J Antimicrob Chemother. 1991 Jul;28 Suppl A:35-46. doi: 10.1093/jac/28.suppl_a.35.
At present there are weaknesses in the range and scope of antifungal chemotherapy. The development of a new group of azole drugs, the triazoles, has introduced antifungal agents with broad-spectrum activity which can be given by the oral route. Fluconazole is very well absorbed and has good penetration. While its principal activity is against yeasts and there are clinical data to support its use in candida and cryptococcus infections, little work has been completed on its clinical use in aspergillosis. Itraconazole is less well absorbed, but highly bound in tissue. Its spectrum of activity is somewhat broader than that of fluconazole and it is clinically active against superficial mycoses and some of the infections caused by pathogenic fungi such as Histoplasma capsulatum. There is some early evidence of efficacy in aspergillosis but more studies are required in neutropenic patients. Both drugs show promise but comparative assessments are sorely needed.

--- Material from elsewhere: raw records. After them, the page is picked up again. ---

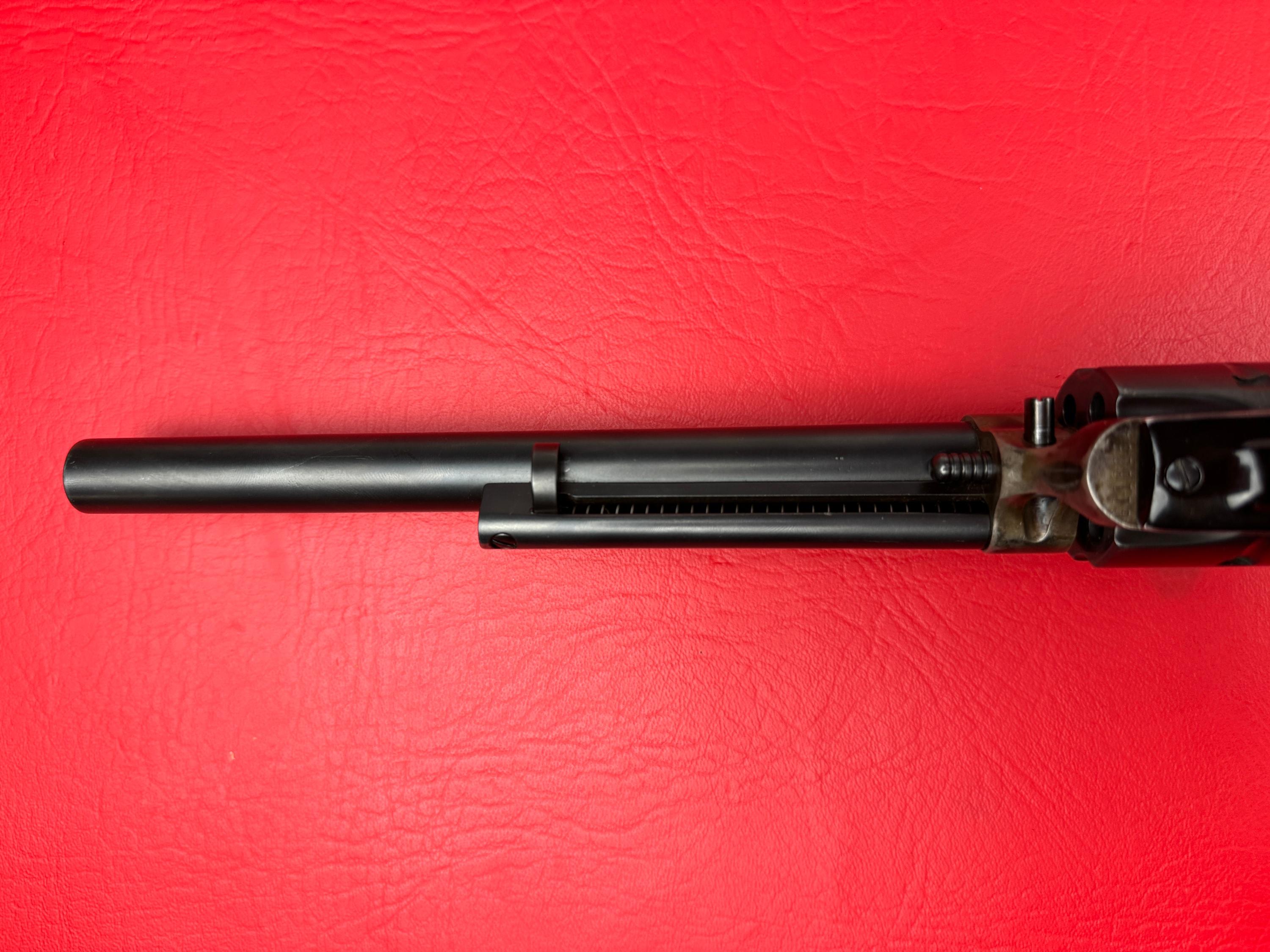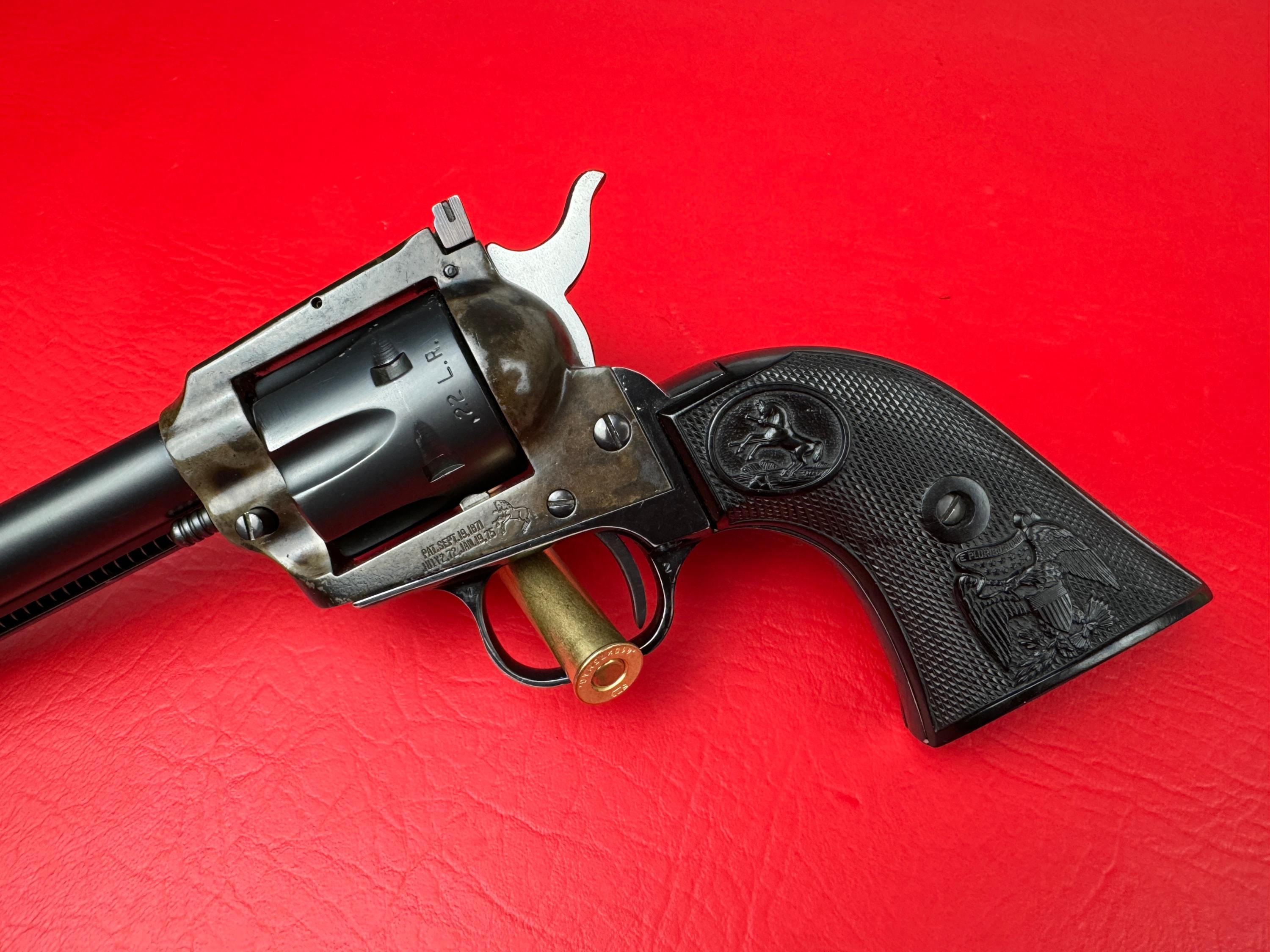 The Colt New Frontier Buntline is a variant of Colt’s Single Action Army revolver series, chambered in .22LR. It is a classic single-action revolver that draws inspiration from the Old West, particularly from the famous “Buntline Special” revolvers.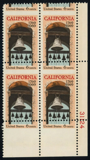 1373, MNH 6¢ California - Scarce Misperfed Error Plate Block * Stuart Katz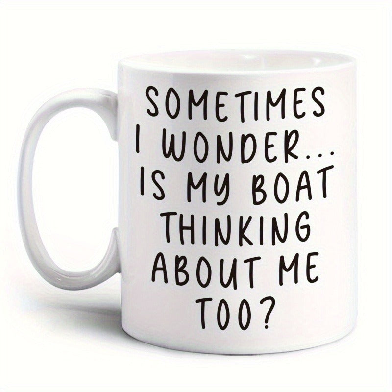 [Unique Thinking Coffee Cups] 1pc, Sometimes I Wonder Coffee Mug, Ceramic Coffee Cups, Is My Boat Thinking About Me Too Water Cups, Summer Winter Drinkware, Birthday Gifts, Holiday Gifts, New Year Gifts, Valentine's Day Gifts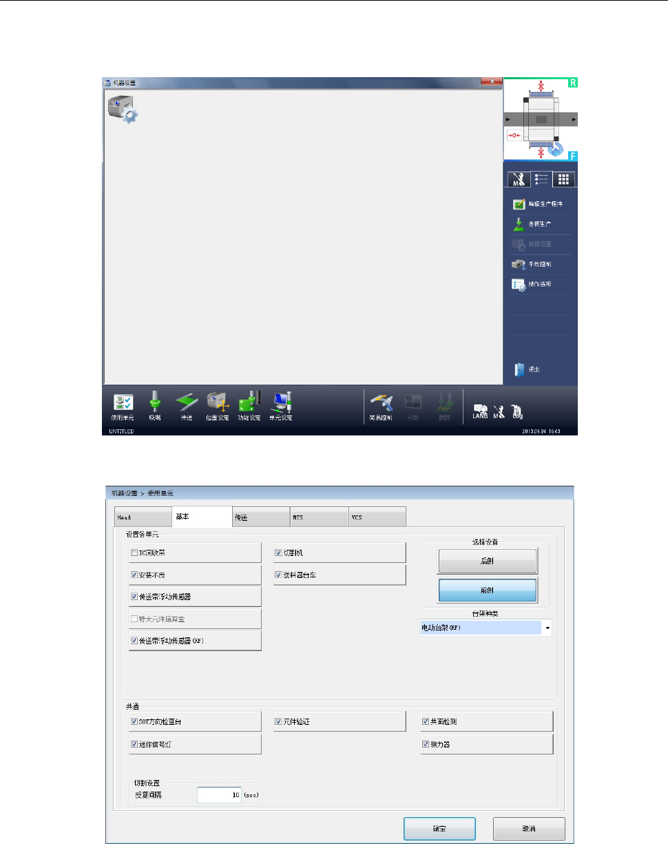 第 2 部 功能详解篇 第 12 章 选项组件 12 - 91 12 - 12 - 4 机器设置 进行 共面性 检查时,必须 进行 「机器设 置」 的设定。 请启动「机器设 置」 。 1) 从机器设置 画面 菜单选择 [ 使用单元 ] - [ 基本 ] 。 选择 勾选 [共面检测 ]。 勾选后即设定为 使 用。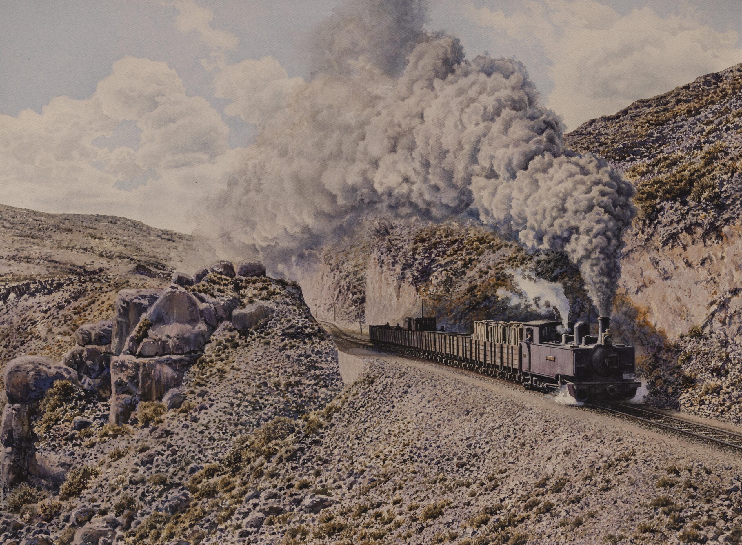 Acuarela que recrea un tren ascendente del FC de Lucainena a Aguamarga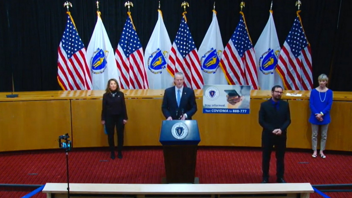 State officials give the daily COVID-19 briefing in a livestream from Boston.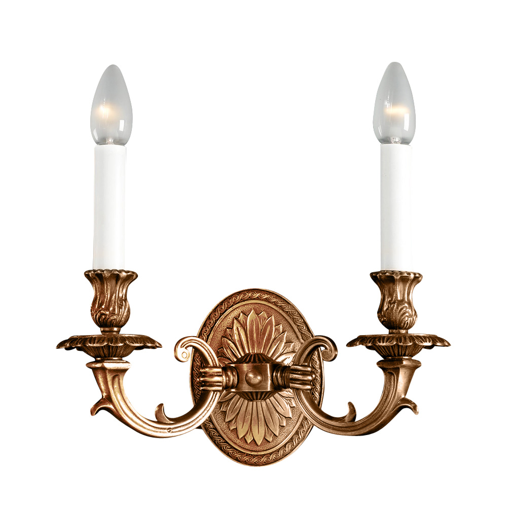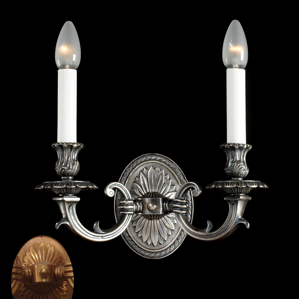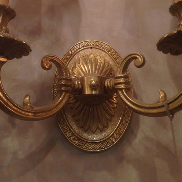 Бра 2-х рожковое на металлической арматуре золотого цвета.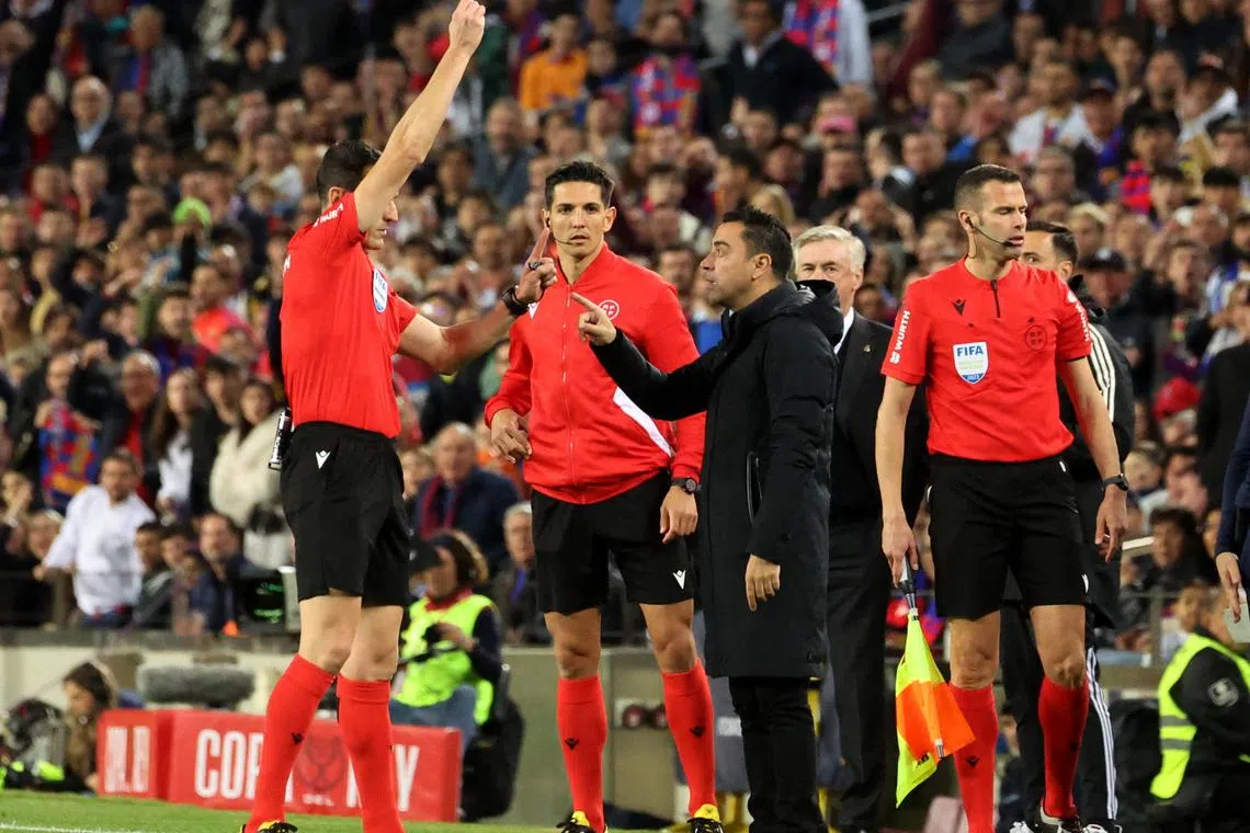 Barcelona coach Xavi (in black) is shown a yellow card by referee Jose Luis Munuera during the match.

目前,抗真菌化疗的范围和广度存在不足。新一代唑类药物——三唑类的开发,引入了具有广谱活性且可口服给药的抗真菌剂。氟康唑吸收良好且具有良好的穿透力。虽然其主要活性针对酵母菌,并且有临床数据支持其在念珠菌和隐球菌感染中的应用,但关于其在曲霉病临床应用方面的研究工作很少。伊曲康唑吸收较差,但在组织中高度结合。其活性谱比氟康唑稍广,对浅表真菌病以及一些由致病性真菌如荚膜组织胞浆菌引起的感染具有临床活性。有一些早期证据表明其在曲霉病中有效,但在中性粒细胞减少患者中还需要更多研究。这两种药物都显示出前景,但迫切需要进行比较评估。